Greg Liddell has re-emerged as the head of investment consulting for a major advisory firm, with the former QIC implemented boss seen as a make-or-break hire for his new employer’s strength in the Australian asset consulting market.
Liddell will join Russell Investments in September, nine months after departing QIC, and his role running investment consulting will now report directly to local managing director, Chris Corneil. Previous incumbents, such as Andrew Lill, have reported to the head of institutional business.
Liddell will also join Russell’s global consulting leadership team, where he will sit alongside the firm’s most senior pensions and investments consultants, including Janine Baldridge, John Stannard and Don Ezra.
Corneil said that Liddell’s mix of funds management and asset consulting experience, from the last five years implementing multimanager portfolios for QIC and ten prior years at Mercer (where he left as local head of manager research), suited where Russell wanted to position itself in the market.
“Greg’s a guy with the skills to run a theoretical model portfolio, give the strategic advice, but he’s also managed money himself, so he can have the full breadth conversation, right down to the nitty gritty of frictional costs involved in moving money around,” Corneil said.

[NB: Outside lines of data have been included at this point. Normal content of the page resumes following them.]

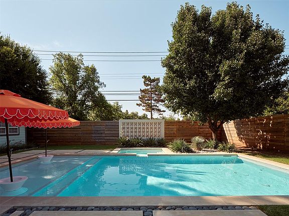 The expansive living room welcomes you with clean lines, exposed beams, and large windows that seamlessly blur the line between indoors and outdoors. Heritage-inspired accents like the stacked stone fireplace, terrazzo tile and classic breeze blocks pay homage to the era, while updated fixtures and finishes provide modern comfort. The kitchen is light-filled and efficient, blending sleek cabinetry, granite counters, and brass hardware to create a balance of utility and style. The bathrooms have been beautifully redone with imported Italian terrazzo tile, vintage vanities, and designer fixtures chosen with precision. Each space has been thoughtfully reimagined, from the gathering areas that invite conversation to the private retreats designed for relaxation. Last but certainly not least, the pool! Installed in 2022, and designed by Gumerson Blake, the separately zoned, heated pool and hot tub provide year-round relaxation and entertainment. The home is surrounded by lush landscaping and iconic architectural elements, offering a setting that is both striking and serene. This property is not just a home, but a statement...a rare opportunity to own a piece of classic design that has been carefully crafted for today’s lifestyle. The 396 ft.² outbuilding was previously used as a workshop and is not included in overall square footage. Don't let this one get away...schedule your showing today!
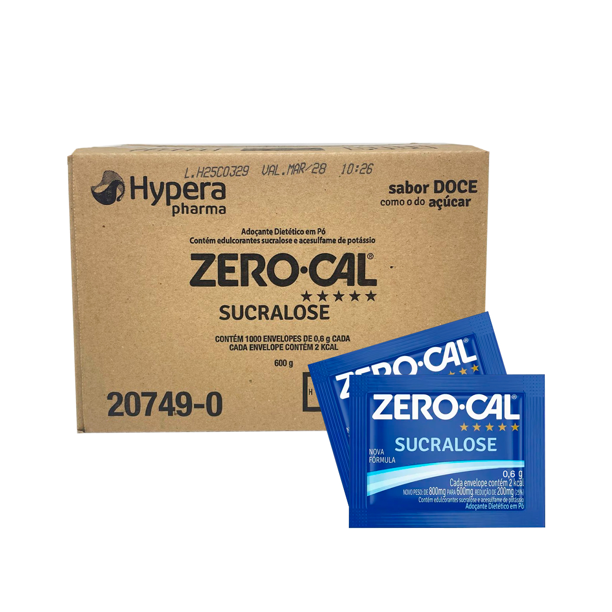 Adoçante em Pó Zero-Cal Sucralose Caixa com 1.000 sachês | O adoçante em pó Zero-Cal Sucralose é ideal para quem busca sabor doce com menos calorias, sem abrir mão do prazer | Produzido a partir da cana-de-açúcar, oferece um sabor muito semelhante ao do açúcar, sem amargor residual | Pode ser utilizado em bebidas e alimentos quentes ou frios, pois mantém seu poder adoçante mesmo em altas temperaturas | É uma escolha prática, versátil e com excelente rendimento, ideal para residências, cafeterias, clínicas, restaurantes, hotéis e ambientes corporativos | Diferenciais do Produto: sabor semelhante ao do açúcar | pode ser usado em bebidas quentes ou frias | pronto para uso, prático e de fácil dosagem | zero calorias por porção | excelente custo-benefício em embalagem econômica | Especificações Técnicas: marca: Zero-Cal | tipo: adoçante em pó | adoçantes: sucralose e acesulfame-K | peso por sachê: 0,6g | embalagem: caixa com 1.000 sachês | tamanho da caixa: 18 x 16 x 19 cm | ingredientes: lactose, edulcorantes sucralose e acesulfame-K, antiumectante dióxido de silício | alérgicos: contém derivados de leite | não contém glúten | Código: 4755
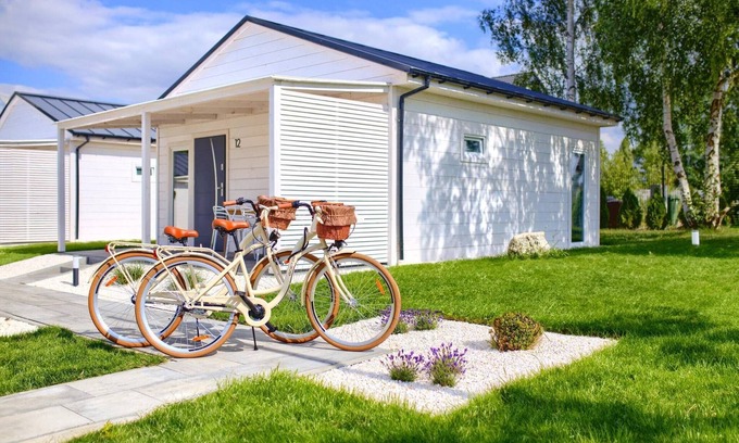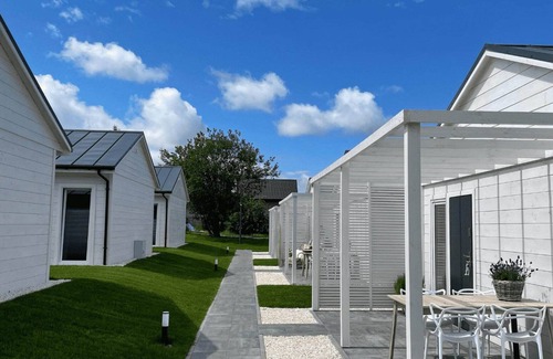 A family holiday resort with excellent infrastructure (including a swimming pool, sauna, whirlpool bath) located in a quiet area. Guests looking for the hustle and bustle and attractions typical of a larger seaside resort will find all this in the neighboring Mielno. Comfortable, single-storey holiday homes with covered terraces and a set of garden furniture. Each cottage consists of a living room (table, TV, 2-person sofa bed), kitchenette, 2 separate bedrooms and a bathroom with shower. Electric heating. Wireless internet is available. On the well-kept, fenced area of the holiday resort there is a summer swimming pool, an attractive playground, a playroom, a barbecue and bonfire area (with a large garden shelter), parking. There is a beach volleyball court. For an additional fee, you can use the sauna and whirlpool bath. There is a public washing machine (for an additional fee). The price of your stay includes: bed linen, towels, electricity and water consumption, heating, final cleaning, swimming pool, parking, internet, stay with a dog (max 5 kg). Baby cot and high chair available on request. The beautiful seaside beach is approx. 1.2 km from the resort. The international R-10 cycling trail runs in the vicinity of the resort, which allows you to easily and conveniently get to other neighbouring seaside towns by bike: Mielenko, Chłopy (a small, historic fishing village), Łazy, Sarbinowo, Gąski. In neighbouring Mielno, approx. 2 km from the resort, there is Lake Jamno with a marina, water equipment rental (pedal boats, kayaks, rowing boats). There are also fishing spots here. It may not be a particularly attractive body of water for swimming enthusiasts, but it is an ideal place for water sports (windsurfing, kitesurfing - rental and school) and for anglers.
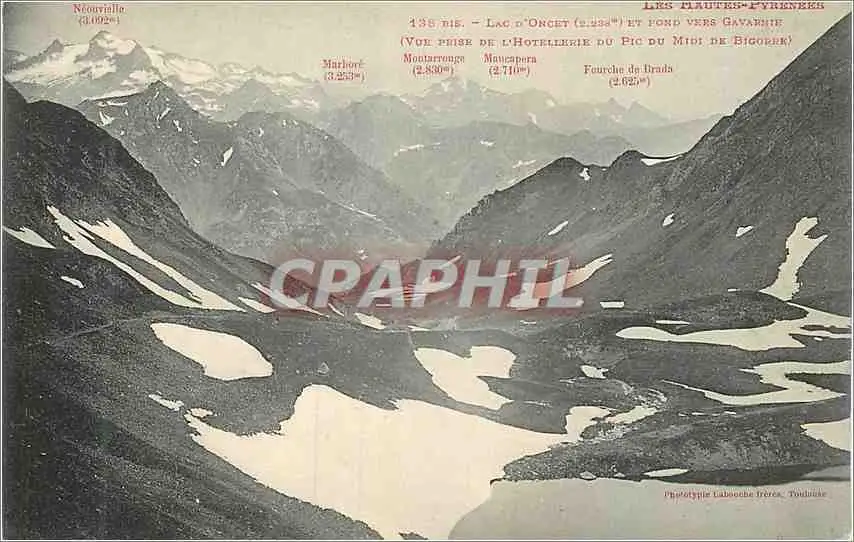 Cartes postales Les Hautes Pyrenees Lac d'Oncet et Fond vers Gavarnie Marbore Montarrouge Maucapera Fourche de B
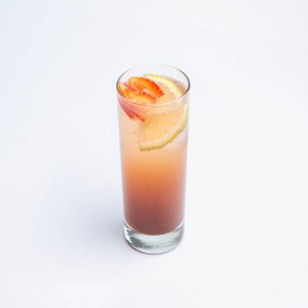 نوشیدنی سرد گازدار بر پایه لیمو ترش و توت فرنگی.
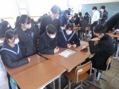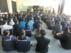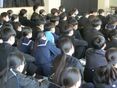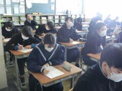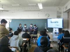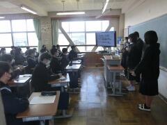 県立入試が終わった今日、受検を終えた3年生のみんなが手分けをして1,2年生の各学級に行き、自分たちの経験について語る「ゲストティーチャー」が行われました。自分の進路決定や受験勉強の仕方などについてプレゼンを使って丁寧に話してくれました。後輩たちもメモを取りながら一生懸命聞き入っていました。今日の話を参考にして、これから頑張ってくれることでしょう。3年生のみんな、ありがとう!
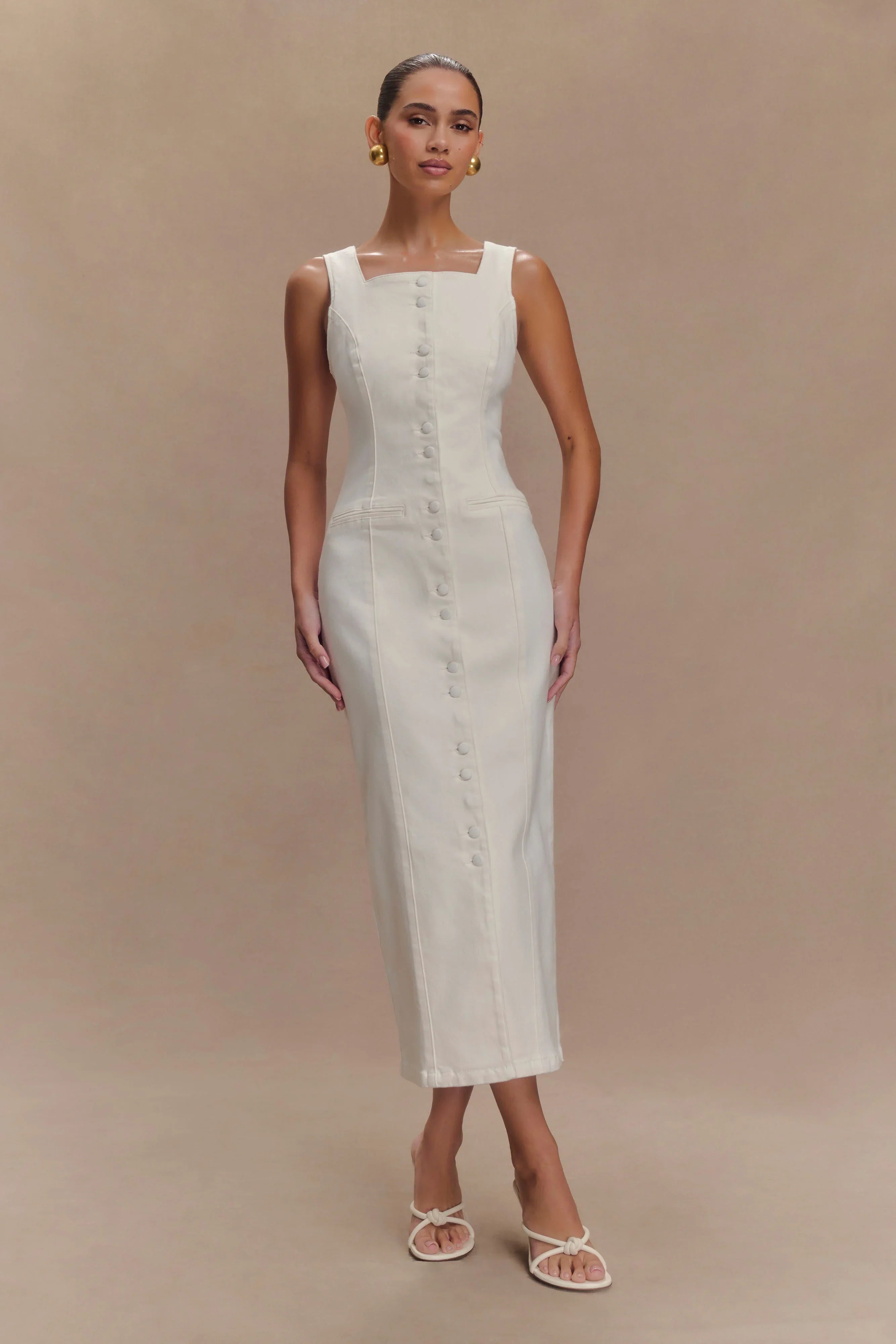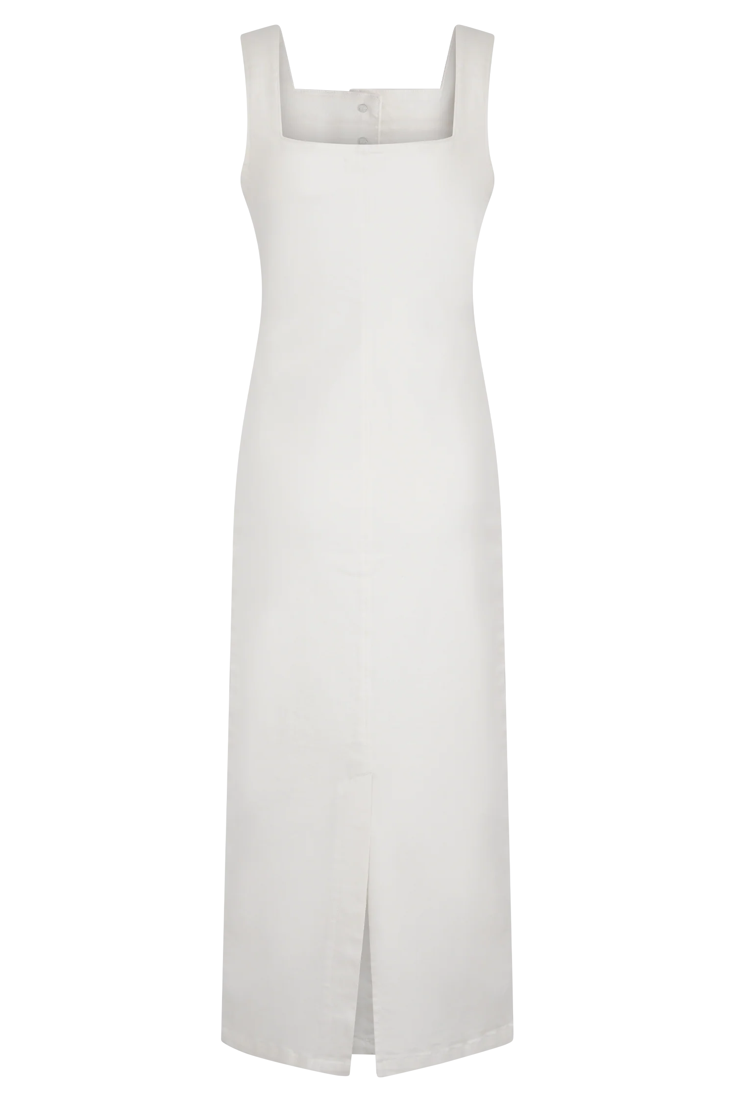 The REYNA Denim Midi Dress blends classic charm with a modern silhouette. Featuring a square front and back neckline, this dress is designed with a functional button front for versatile styling. Non-functional front pockets add a touch of detail while shaping panelling enhances the fitted, figure-flattering design. With its midi length, this dress is perfect for both casual days and elevated outings, offering effortless style in every step.

Corneil acknowledged the high-profile hire came at an important time. Russell has lost major asset consulting clients in the past year – Telstra Super, FuturePlus and AvSuper – and significant implemented consulting clients, including the Holden and IBM corporate super funds, are currently reviewing their arrangements or considering doing so.
Meanwhile, Russell confirmed the recent I&T News story that Andrew Johnson would be joining its New Zealand office to look after institutional clients, reporting to Sydney-based NZ head Mark Blair, after leaving the ‘head of relationship management’ role at AMP Capital Investors.
In what could be a neat swap, Ed Schuck, who ran Russell’s NZ operations for nine years until December, is understood to be on a shortlist of two for a revamped version of Johnson’s AMP CI position, to be called ‘head of distribution’. David Chote from AMP’s Financial Services division is also understood to be in the running.